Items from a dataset

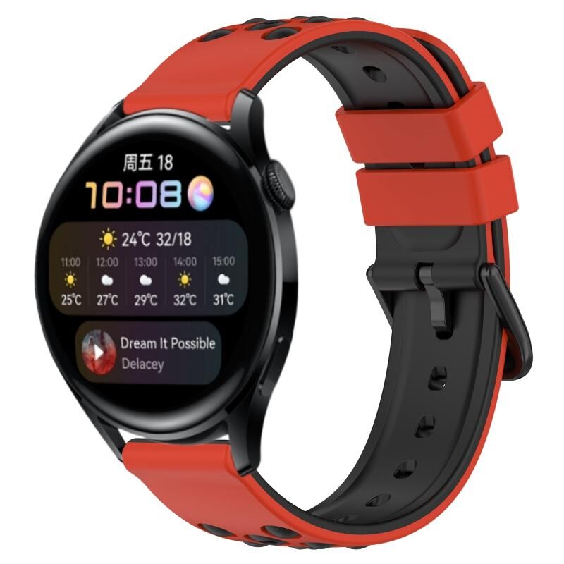 Για το Huawei Watch 3 22 χιλιοστά δύο χρωμάτων πορώδη ζώνη ρολογιού σιλικόνης (κόκκινο + μαύρο)
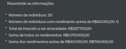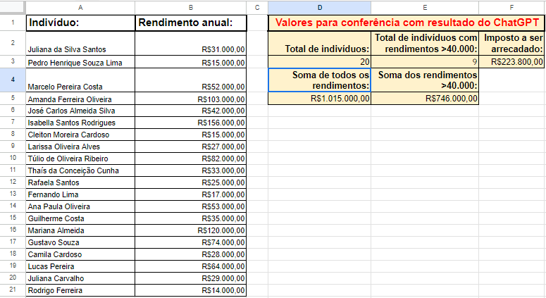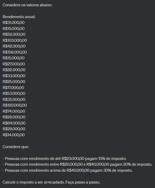 Explorando a Engenharia de Prompt e aprendendo sobre as suas principais técnicas e como utilizá-las, procurando aprimorar o meu domínio do funcionamento do algoritmo do ChatGPT. Utilizando da planilha disponilizada no material da aula 3, tentei calcular o valor do imposto de renda de 20 indivíduos, com as seguintes condições:
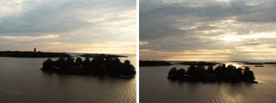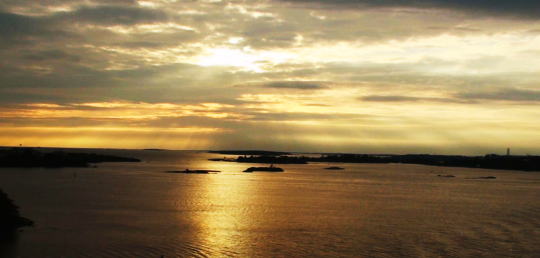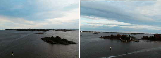 出航に合わせるように夕陽が輝く中を、ヘルシンキの街が寂しく遠ざかっていく。左右に小さな島々が海に浮かんでいるその間をゆっくりと悠然と進んでいく。 |
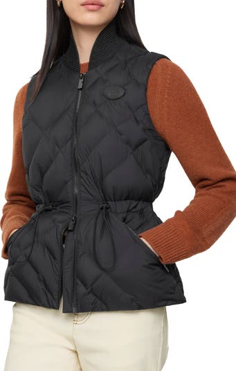 The lightweight, water-resistant nylon vest is quilted in a stitch inspired by the iconic Burberry Check, while an Equestrian Knight Design leather patch adds another element of signature branding. A wool-blend sweater-knit collar adds a polished touch, while a drawcord-toggle waist allows you to give the style a peplum shape.
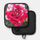 I ordered this product for my Mom as a gift and to check the product quality. It is a good thickness and great quality I am happy to report. She also advised that it will do a wonderful job in protecting her counters from hot pots and will last a really long time- durable. Printing is as expected and color is exactly her color of orange.
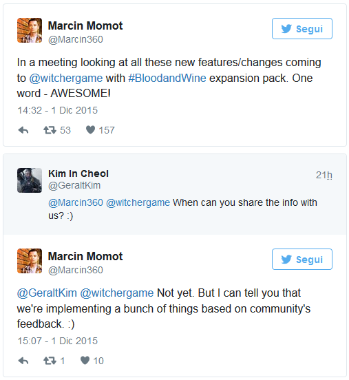 Marcin Momot, responsabile della community di CD Projekt RED ha commentato l’uscita dell’espansione di The Witcher 3, Wine and Blood, con alcuni entusiastici tweet.
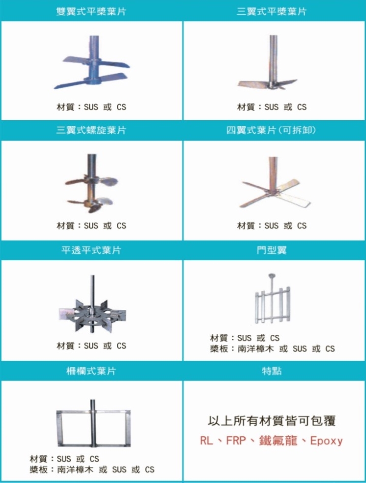 各式攪拌翼之型式
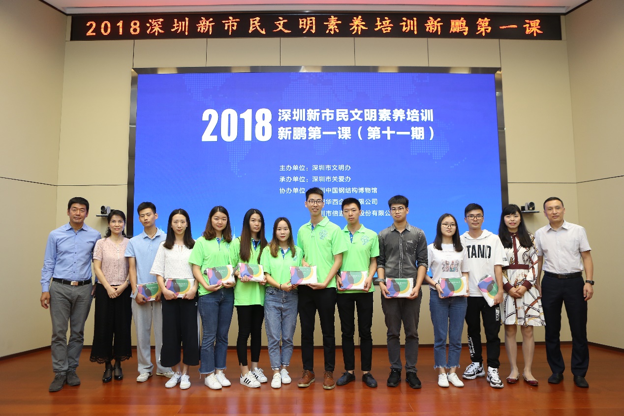 培訓(xùn)課上,上臺(tái)共同宣讀深圳新市民文明公約的環(huán)節(jié)讓十位新市民神情嚴(yán)肅而莊重,他們承諾將從自身做起,履行深圳市民應(yīng)盡的職責(zé)與義務(wù),赴深圳文明之約,成為文明深圳的踐行者與傳播者。深圳市關(guān)愛(ài)辦副主任華榮、中國(guó)著名登山探險(xiǎn)家張梁、中國(guó)華西企業(yè)有限公司黨群工作部部長(zhǎng)易佳、深圳中國(guó)鋼結(jié)構(gòu)博物館館長(zhǎng)張利峰為新市民代表送上一份詳盡的“深圳說(shuō)明書”——新版深圳福袋暨新版市民生活指南。
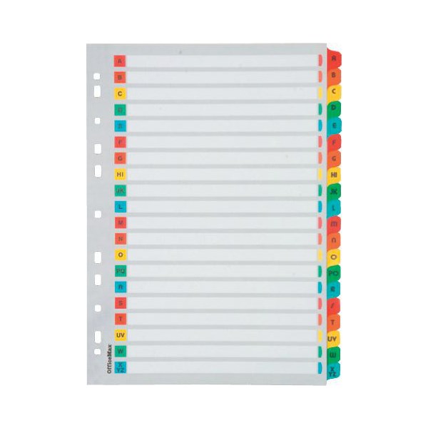 Office Max A-Z reinforced cardboard index tabs are ideal for organising projects and work. Quality cardboard indices with brightly coloured tabs and reinforced plastic designed for heavy duty use. Reinforced multi-punched holes designed to fit 2, 3 and 4 hole ring binders. Separate colour coded contents page for easy referencing.
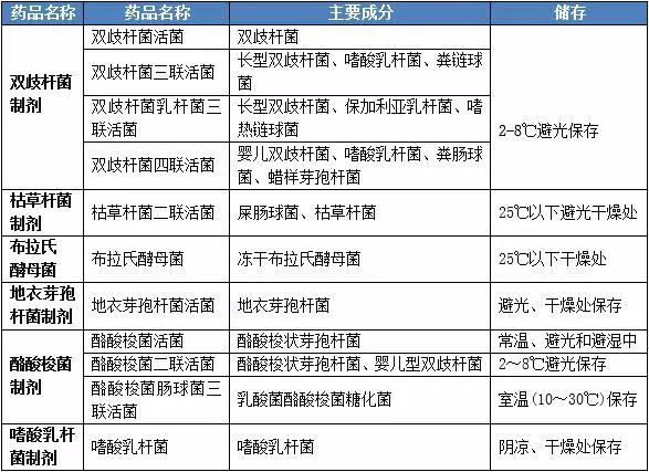 答:不同类型的活菌适宜存活的温度不同,说明书中都有明确的要求。不同药物的储存条件药师已经帮您整理好了,请查收下表(点击可放大查看)。
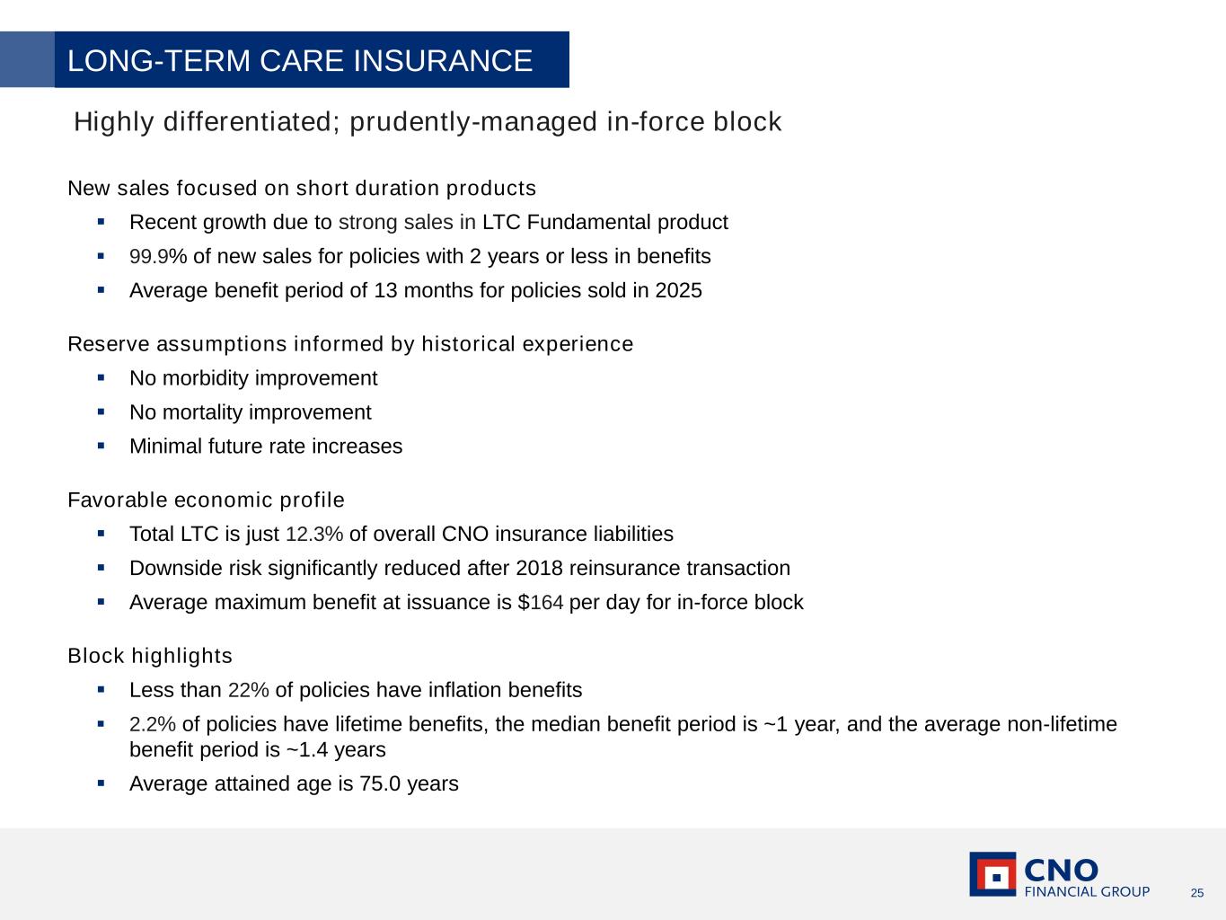 25 New sales focused on short duration products ▪ Recent growth due to strong sales in LTC Fundamental product ▪ 99.9% of new sales for policies with 2 years or less in benefits ▪ Average benefit period of 13 months for policies sold in 2025 Reserve assumptions informed by historical experience ▪ No morbidity improvement ▪ No mortality improvement ▪ Minimal future rate increases Favorable economic profile ▪ Total LTC is just 12.3% of overall CNO insurance liabilities ▪ Downside risk significantly reduced after 2018 reinsurance transaction ▪ Average maximum benefit at issuance is $164 per day for in-force block Block highlights ▪ Less than 22% of policies have inflation benefits ▪ 2.2% of policies have lifetime benefits, the median benefit period is ~1 year, and the average non-lifetime benefit period is ~1.4 years ▪ Average attained age is 75.0 years Highly differentiated; prudently-managed in-force block LONG-TERM CARE INSURANCE
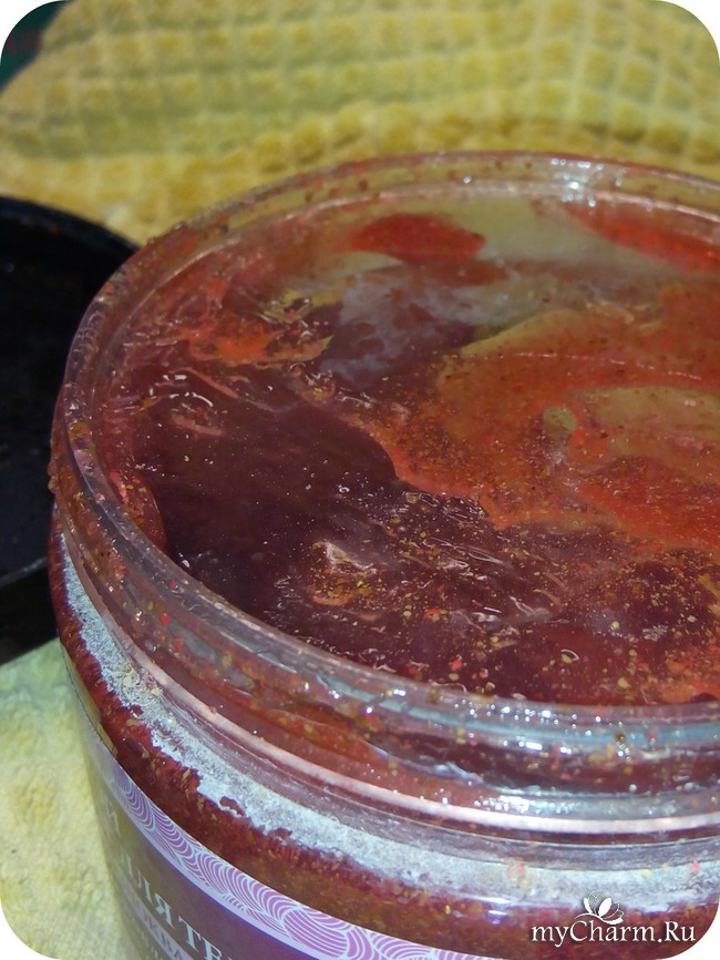 Текстура гелеобразная красного полупрозрачного цвета, с микрочастицами, отвечающими за отшелушевающий эффект.
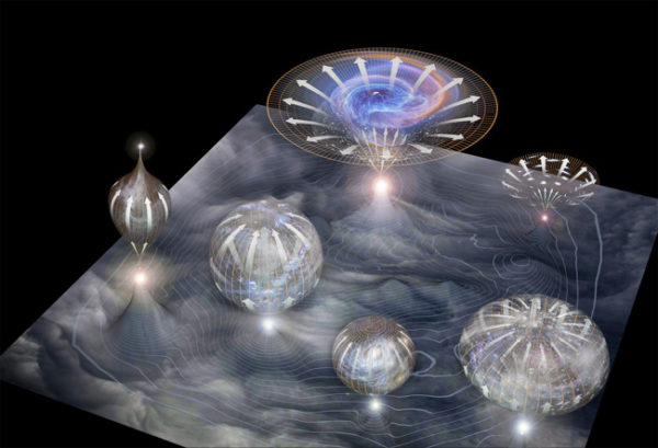 1. Universos paralelos – Segundo Alan Guth, físico do Mit di Boston (EUA), o nosso universo surgiu a partir de uma instabilidade do “vazio” primordial. Esse vazio era semelhante a um fluido extremamente quente, no qual surgiam bolhas em contínua expansão… exatamente como acontece numa panela d’água em ebulição.Nosso universo era uma das bolhas, as outras bolhas eram universos “paralelos” ao nosso. O Modelo de Guth foi superado pelo de Andrei Linde, físico da Universidade de Stanford (EUA), segundo o qual os universos não nascem de um estado primordial quentíssimo, mas sim de flutuações de certos parâmetros no vazio. Segundo Linde, a realidade última é um “multiverso”: uma espécie de fluxo eterno de universos que nascem uns dos outros.O universo seria constituído de muitas bolhas que, por sua vez, produzem novas bolhas, em um processo infinito. As bolhas são criadas a partir de repentinas mudanças das características energéticas do vazio. As constantes físicas (como a velocidade da luz) teriam valores diferentes em cada uma das bolhas.
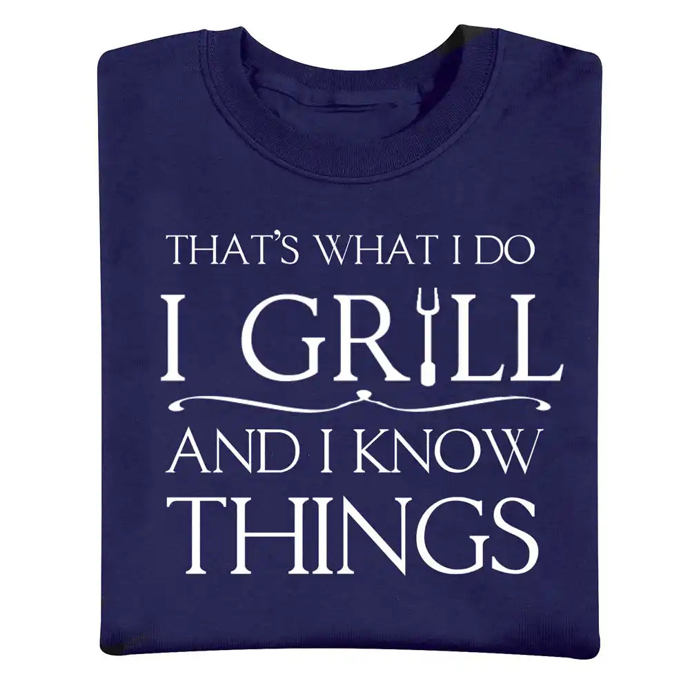 Command the grill (and the punchlines) with the That’s What I Do: I Grill and I Know Things T-shirt. This witty navy unisex tee is made from 100% soft cotton for breathable comfort whether you're flipping burgers, smoking ribs, or just supervising with a spatula in hand. Bold white lettering delivers the perfect mix of confidence and humor for every BBQ king or queen. Ideal for cookouts, Father's Day, or gifting your favorite pitmaster, this shirt lets everyone know who runs the backyard.
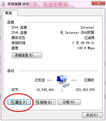 4.点击“属性“按钮,Windows 7 可能会提示请求网络设置更改的权限。
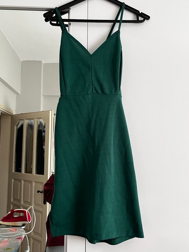Koyu yeşil renkte, V yakalı ve ip askılı, drapeli, minimalist tasarımlı, vücuda oturan midi elbise. Romantik gece için uygun.
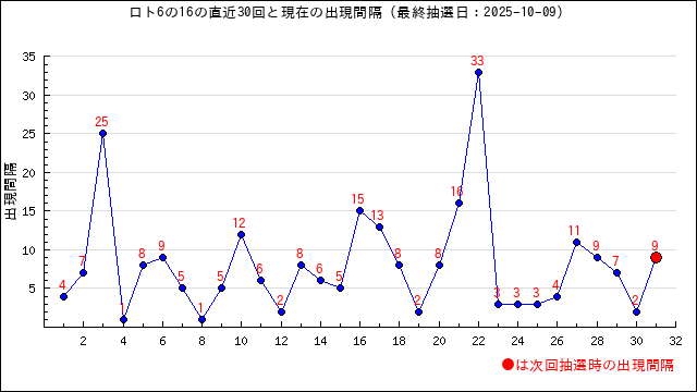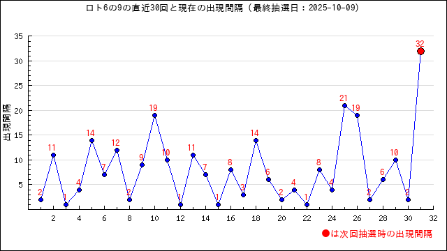 9の現在の出現間隔は32です。
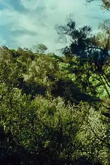 Desde un punto de vista natural, dicha formación boscosa se nucleaba en torno a lo que se conoce como «laurisilva», un conjunto de especies vegetales que toman su nombre de uno de sus principales componentes: el laurel. Además de esta destacan, por su porte y frondosidad, especies como el barbusano, el palo blanco, el til, la faya o el viñátigo, entre otros. En la intrincada espesura del bosque de laurisilva conviven también numerosas especies vegetales de menor porte, como el bicácaro, símbolo vegetal de Canarias, así como numerosos animales, entre los que destacan aves como el pinzón de monte y la paloma rabiche.

• **TASK DETAILS**: Using the data above, copy exactly the lines from the one containing "25 New sales" to the one containing "Текстура гелеобразная красного", inclusive. Exclude the pictures.

• **EXERCISE RESULT**:
 25 New sales focused on short duration products ▪ Recent growth due to strong sales in LTC Fundamental product ▪ 99.9% of new sales for policies with 2 years or less in benefits ▪ Average benefit period of 13 months for policies sold in 2025 Reserve assumptions informed by historical experience ▪ No morbidity improvement ▪ No mortality improvement ▪ Minimal future rate increases Favorable economic profile ▪ Total LTC is just 12.3% of overall CNO insurance liabilities ▪ Downside risk significantly reduced after 2018 reinsurance transaction ▪ Average maximum benefit at issuance is $164 per day for in-force block Block highlights ▪ Less than 22% of policies have inflation benefits ▪ 2.2% of policies have lifetime benefits, the median benefit period is ~1 year, and the average non-lifetime benefit period is ~1.4 years ▪ Average attained age is 75.0 years Highly differentiated; prudently-managed in-force block LONG-TERM CARE INSURANCE
 Текстура гелеобразная красного полупрозрачного цвета, с микрочастицами, отвечающими за отшелушевающий эффект.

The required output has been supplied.